安倍カラー影潜め 官房長官就任1カ月 得意の外交発言を抑制 | trycomp2のブログ

安倍カラー影潜め 官房長官就任1カ月 得意の外交発言を抑制

「ポスト小泉」候補の最右翼とも評される安倍晋三氏が官房長官に就任して一カ月が過ぎた。この間、小泉純一郎首相の女房役として三位一体の改革、政府系金融機関の統廃合、医療制度改革と、相次ぐ内政課題を乗り切り、第一関門は突破した。ただ、「内閣のスポークスマン」という役目柄、持ち前の外交面での積極発言も封印せざるを得ず、「安倍カラー」はなかなか打ち出せないでいる。

 「首相の考えを念頭に置きながら、最終的な決定をしていくのが私の役割だと思う」。“改革ラッシュ”に決着がついた一日の会見で、自身の果たした役割について問われた安倍氏は、控えめにこう述べた。

 最大の焦点だった三位一体の改革。生活保護費を補助金削減の対象にすべきだと主張する厚生労働省と、断固反対を唱える地方側と総務省。首相の指示は「地方の意見を尊重する」の一点張りだった。調整役の安倍氏は決着期限だった先月末、自ら電卓をたたいてはじき出した「生活保護抜きの私案」を提示、一気に決着へこぎ着けた。

 「早くから生活保護を対象から外すことを表明すると、次は別の項目で地方の要求がエスカレートする。ギリギリまで入れる意向で攻めたから、地方は対案をすべてのんだんだ」。

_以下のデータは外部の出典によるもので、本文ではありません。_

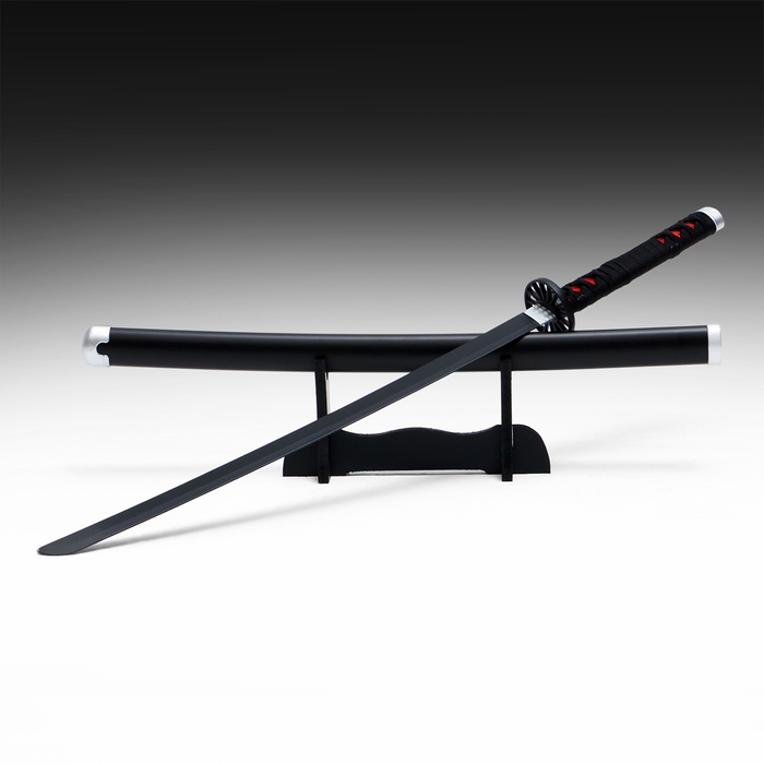Сувенирное оружие "Катана Танзи" 75 см, клинок 48 см, чёрная, на подставке

安倍氏周辺は、そのバランス感覚と手腕をアピールするが、省庁側の評価は手厳しい。「安倍さんもふらふらした。職業政治家の家系だから理念がない」と総務省幹部。

 一方で、「看板」だった拉致問題・北朝鮮外交などをめぐっては、自民党幹事長代理時代と比べて発言も抑制的になり、得意分野での独自性発揮はままならない状況だ。

 「人気の安倍」に対し「実力の麻生」とも評される麻生太郎氏を大臣に迎えた外務省幹部は「安倍さんに元気がない。次は安倍という話にならないなら、『麻生首相』は十分あり得る」。安倍氏の「調整手腕」について、ある自民党幹部は「官房長官は、首相が右向けと言えば右、左と言えば左を向くポスト。進言できるほどの人なら別だけど、安倍君も首相の言う通りだ」と皮肉まじりに論評してみせた。